The small town murder of a high school
principal leads to life-changing complications for the deputy sheriff in charge of the case.
SOLDIER'S GAP may be purchased online at Amazon.com at a discount. Used copies are also available. Comments and reviews appreciated.
I feel a bit sheepish plugging my own novel, but the moderators say I should, so here goes.
According to the reviews on Amazon, the best quality of SOLDIER’S GAP is the characterization. Here’s an overview of the cast.
Deputy Dave Jenkins: I shamelessly named him after myself. He has some of my characteristics. He’s a small town cop with an ambition for higher things. He’s also got two women (In that respect we’re different): Annie Kline, the sheriff’s daughter and his high school sweetheart who’s back in town and apparently interested in renewing their relationship. Jenkins is pretty much an agnostic, so he’s dumbfounded when he discovers the dead body of the high school principal and has a psychic experience that seems to suggest that part of Jerry Egge has survived the grave. He doesn’t know who to tell since he feels a story about a ghost-like episode would ruin his career.

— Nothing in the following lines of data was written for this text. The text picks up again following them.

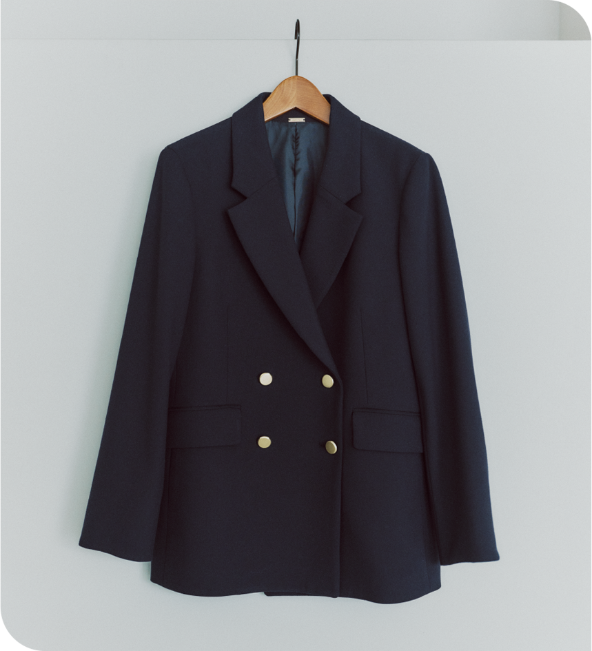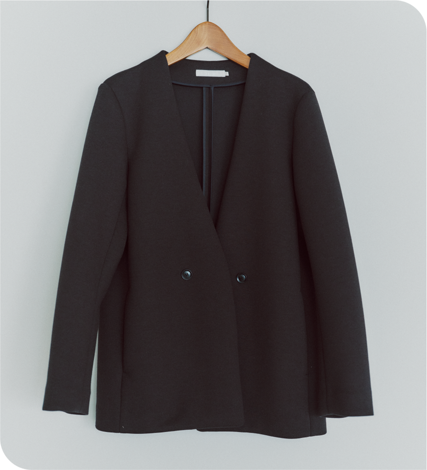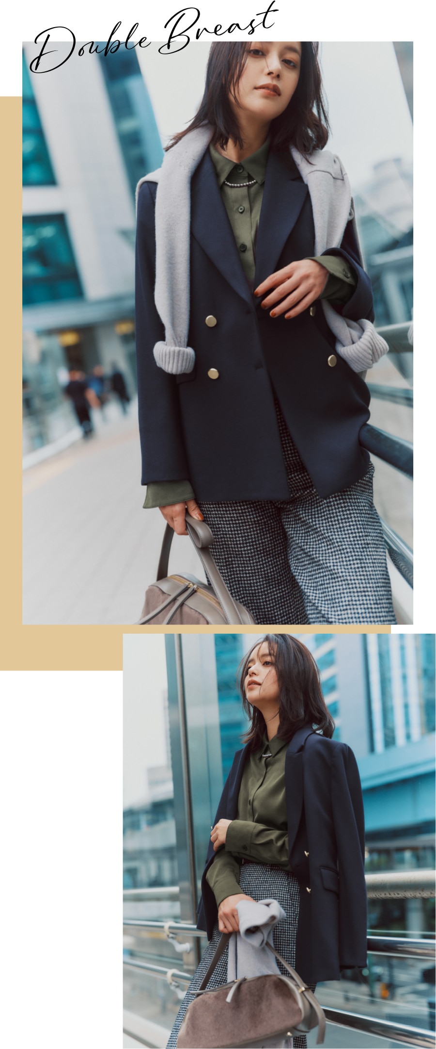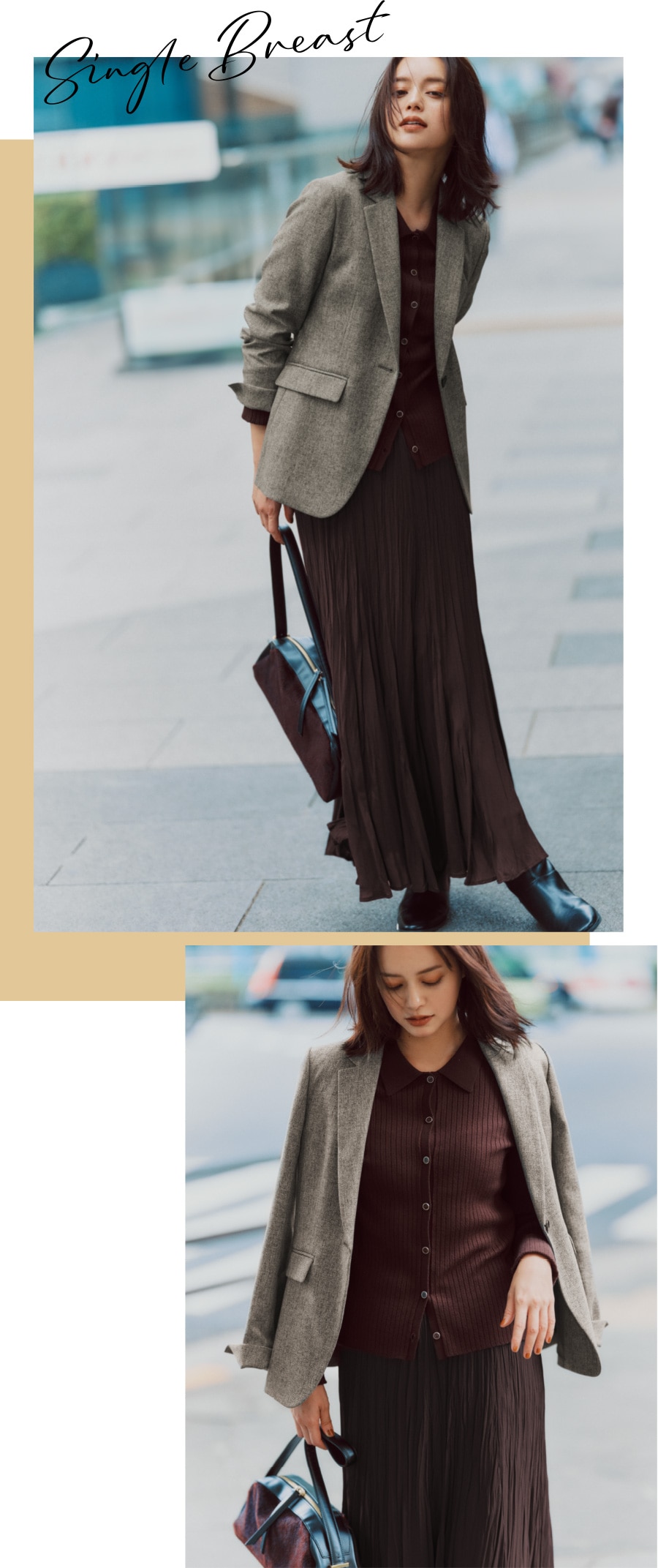 正統派のシングルブレストだからこそ、袖をまくってみたり、カーデのように肩掛けしてみたり、大胆にアレンジしても“お仕事感”はキープ。無地とも柄ともつかないメランジ調の色合いを活かして、同系色のグラデーションコーデを楽しんで。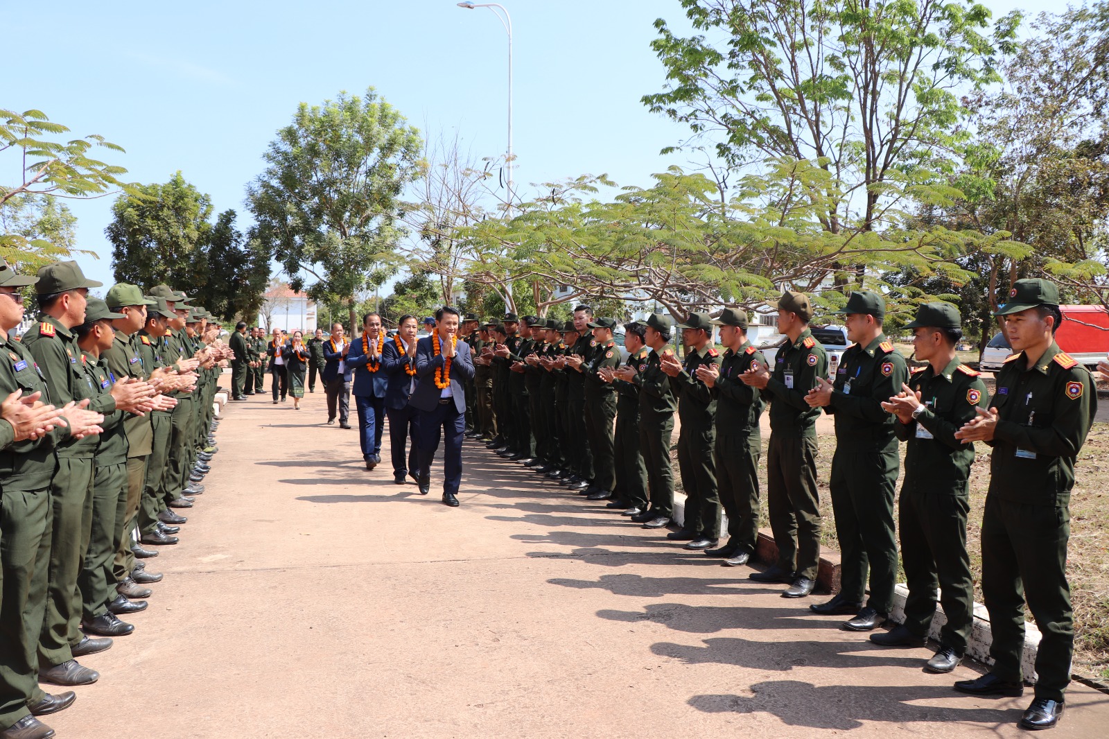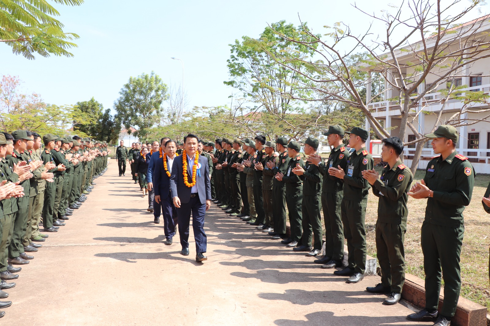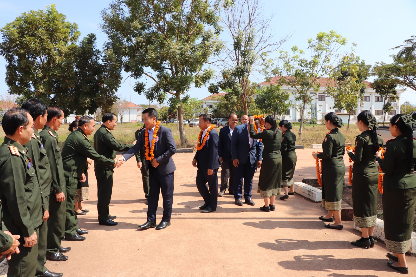 ໂດຍການຕ້ອນຮັບຂອງສະຫາຍ ພົນຈັດຕະວາ ປອ ຟອງສະໝຸດ ພົນທິລາດ ຮອງເລຂາຄະນະພັກ ຫົວໜ້າການທະຫານ ວິທະຍາຄານເຕັກນິກການທະຫານ ພ້ອມດ້ວຍ ຄະນະພັກ-ຄະນະອຳນວຍການ ພະນັກງານຫຼັກແຫຼ່ງທົ່ວວິທະຍາຄານຕ້ອນຮັບຢ່າງອົບອຸ່ນ.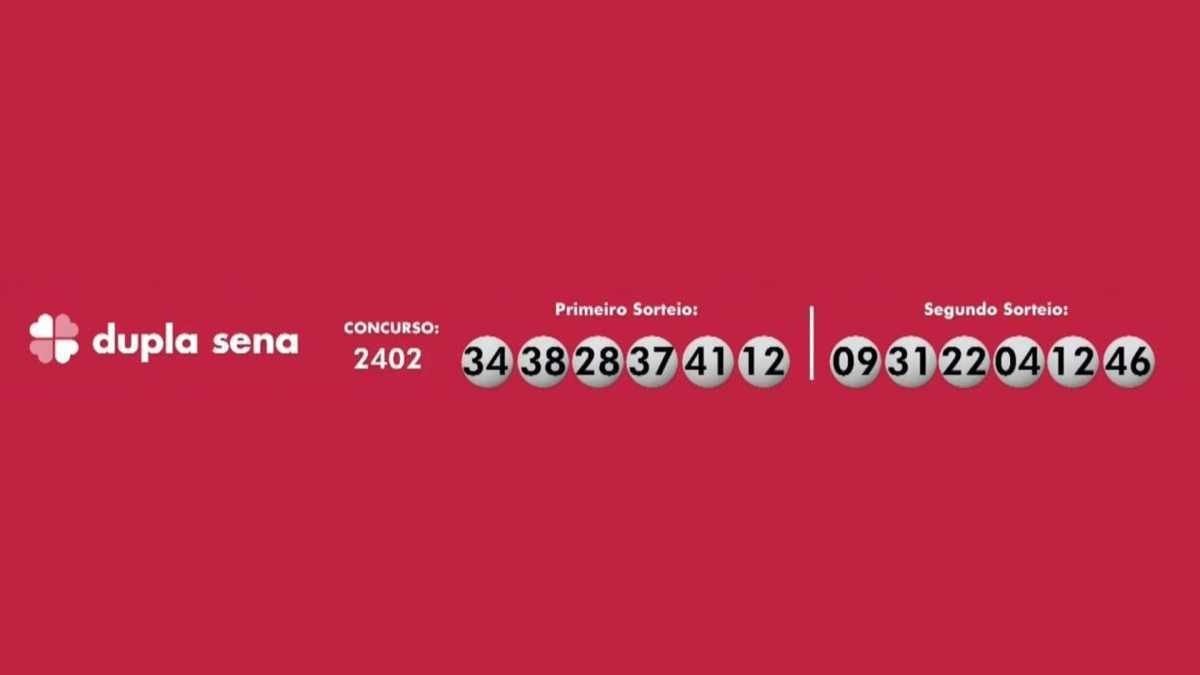 A Dupla Sena teve os seguintes números sorteados: 12-28-34-37-38-41 no primeiro sorteio; 04-09-12-22-31-46 no segundo sorteio. O prêmio previsto é de R$ 2,3 milhões.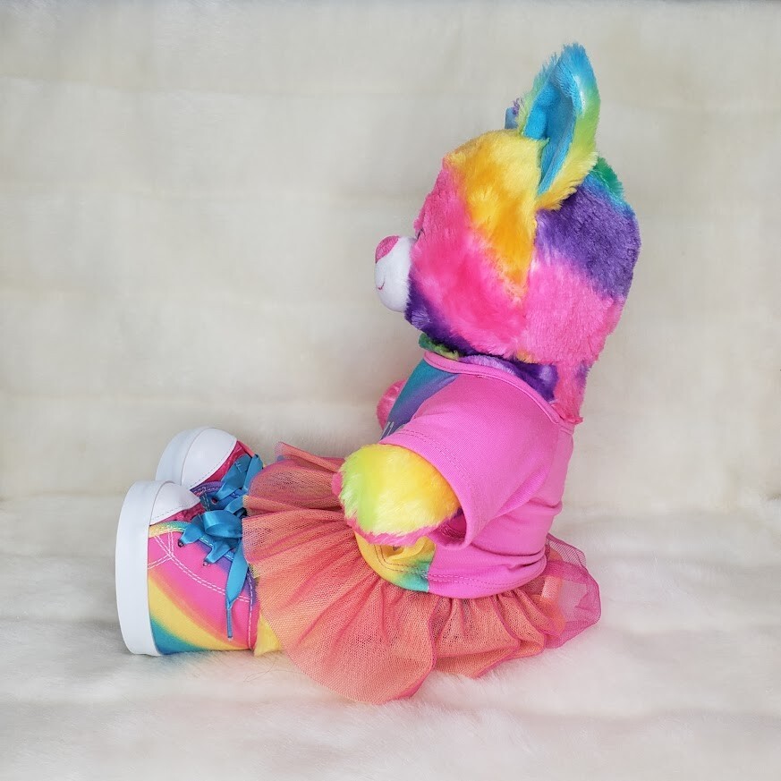 Build A Bear Rainbow Kitty Cat Plush w/ Outfit Shirt Tutu Shoes Swirl Stripe BAB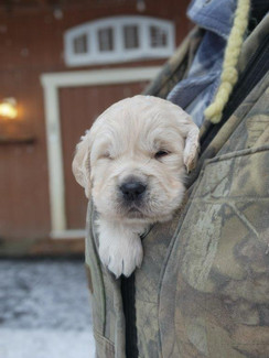 One of the pups always gets stuffed inside my jumper or under my arm when we go out into the yard. Not too sure they are loving this wet rain but it at least gives them some exposure to it which is great.
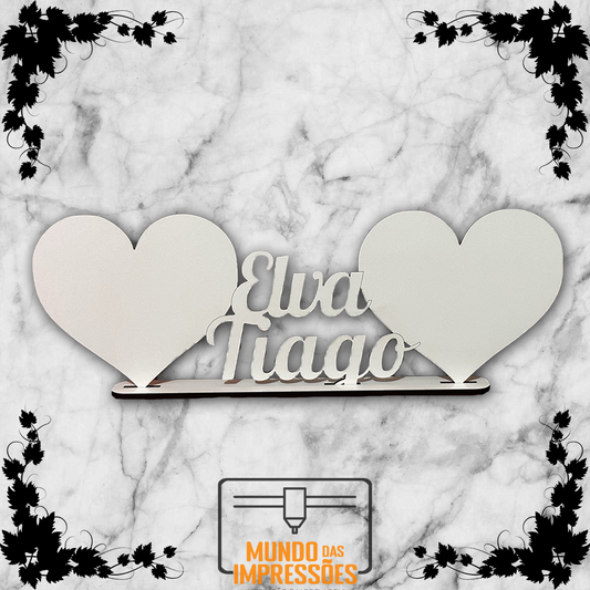 Placa Corações Personalizada em Madeira - Com Nomes e Opção de Fotografia
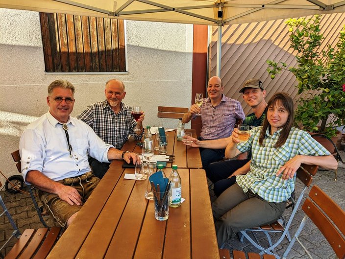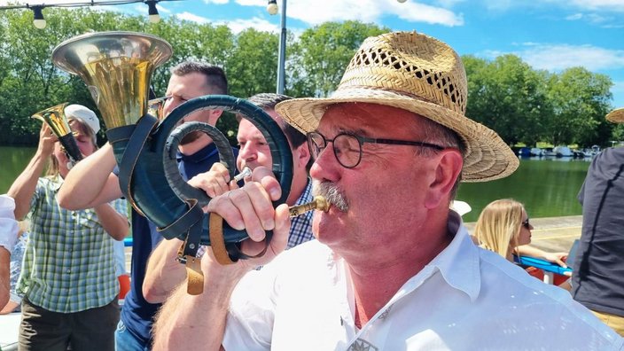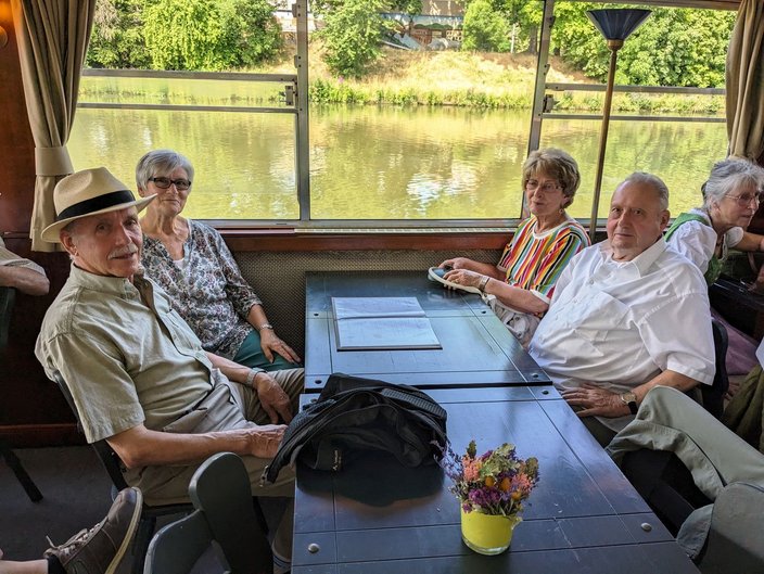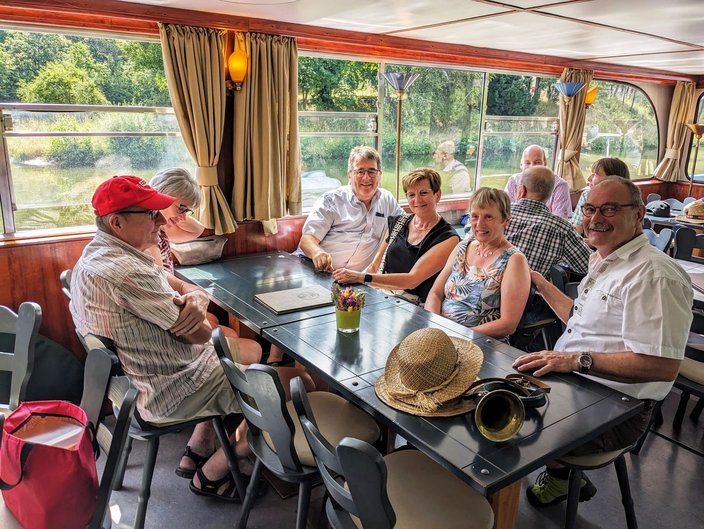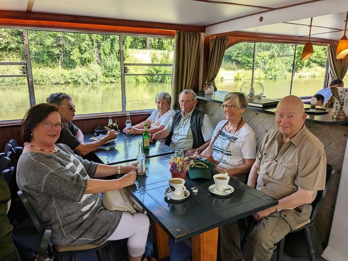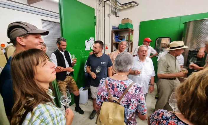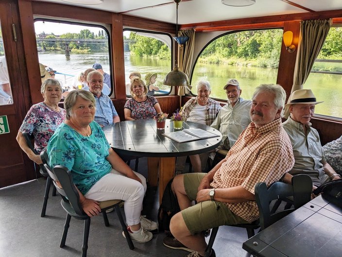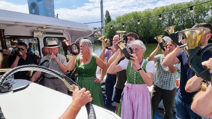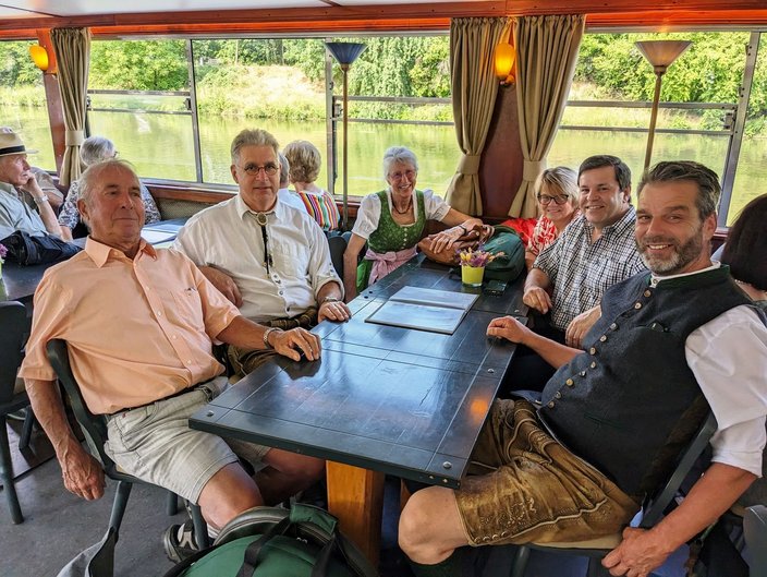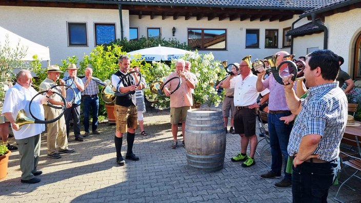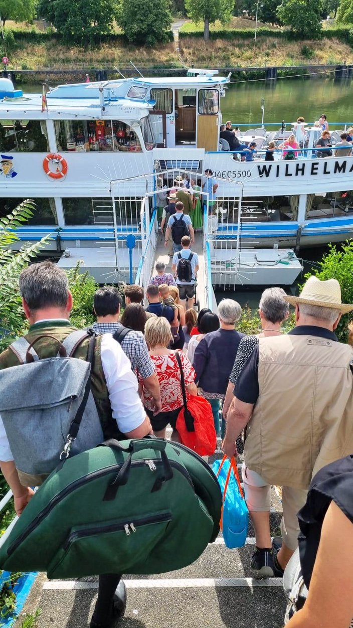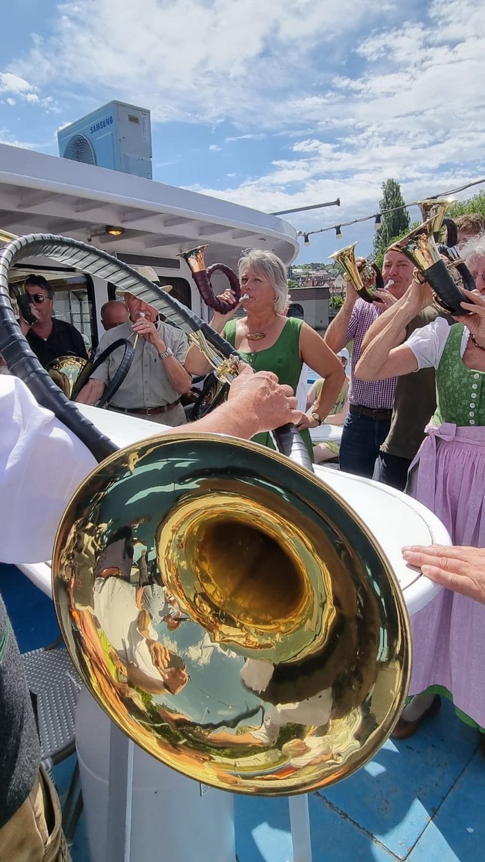 Mit dem Bus ging es nach Stuttgart an den Neckar und wir schipperten flussabwärts mit der „MS Wilhelma“ nach Marbach. Auf dem Schiff gab es standesgemäß eine musikalische Begrüßung aller Bläsergruppen. Von Marbach aus ging es mit dem Bus weiter auf die Burg Hohenbeilstein zur dort ansässigen Falknerei. Dort besuchten wir die Greivogelschau und lauschten den Ausführungen der Falkner zu den vorgeführten Raubvögeln. In Ilsfeld fand der Tag auf dem Weingut Golter einen kulinarischen Abschluss. Bei hochsommerlichen Temperaturen war die Weinprobe und Führung durch die Kelterei eine willkommene und vor allem erfrischende Abwechslung. Eine kleine Zeitreise durch 60 Jahre Jagdhornbläser Nagoldtal durfte natürlich auch nicht fehlen. Herzlichen Dank an unsere Organisatorin Nina von der Geschäftsstelle, unserem Busfahrer Matthias Probst und an alle Teilnehmerinnen und Teilnehmer, die diesen Ausflug zu einem besonderen Tag gemacht haben!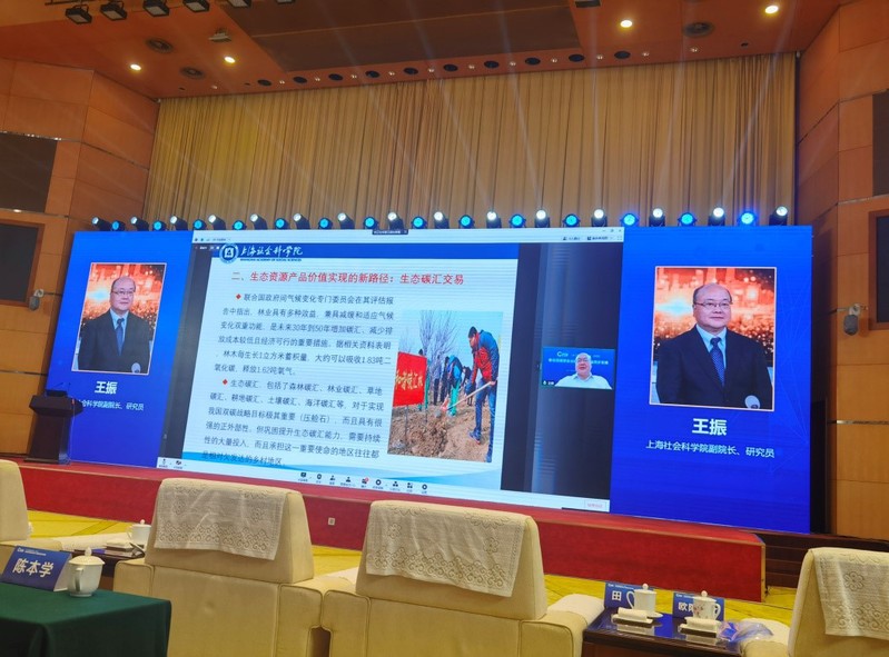 2022年9月28日,由中国社会科学院生态文明研究所和湖北省社会科学院主办的2022年长江高端智库对话论坛在湖北省武汉市举行。本次论坛的主题为“推动流域综合治理 统筹四化同步发展”。中共湖北省委常委、宣传部部长许正中、中国社会科学院党组成员、副院长高培勇出席论坛开幕式并致辞。 我院副院长、信息研究所所长王振研究员应邀出席本次论坛,并通过视频发表题为“碳达峰碳中和背景下生态产品价值实现新路径”的主题演讲。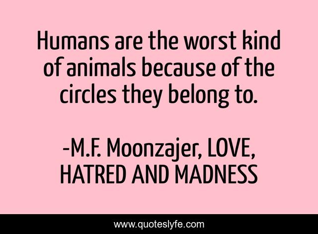 This page presents the quote "Humans are the worst kind of animals because of the circles they belong to.". Author of this quote is M.F. Moonzajer, LOVE, HATRED AND MADNESS. This quote is about circles, animals, humans, creatures,.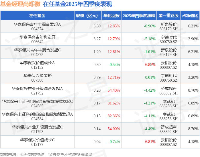 证券之星消息,截止2025年四季度末,基金经理尚烁徽旗下共管理10只基金,本季度表现最佳的为华泰保兴价值成长A(012132),季度净值涨6.85%。

Annie Kline: She’s a volunteer firewoman and a shortstop on Dave’s softball team. Dave dumps her for his old flame, not a smart move since Annie is perfect for him.
Sheriff Kline: Annie's dad and Dave's boss. He’s been sheriff a long time, but he’s not the cop that Jenkins is and he resents him because of it. The Sheriff eats too much, smokes too much, and tells stupid jokes.
Olive Randall: She’s a sixteen-year-old suspect in the Jerry Egge murder case. Her mom is too busy working to keep track of her. She’s sexually promiscuous and contemptuous of anybody over thirty.
Mingo Jones: He’s the night deputy in Soldier, Minnesota. Mingo was a Lacrosse player at Johns Hopkins. While there he studied Native American history and is now embracing his roots. He’s much more accepting of the possibility that Jerry Egge is trapped between the Shadow World and the Land of Ever Summer.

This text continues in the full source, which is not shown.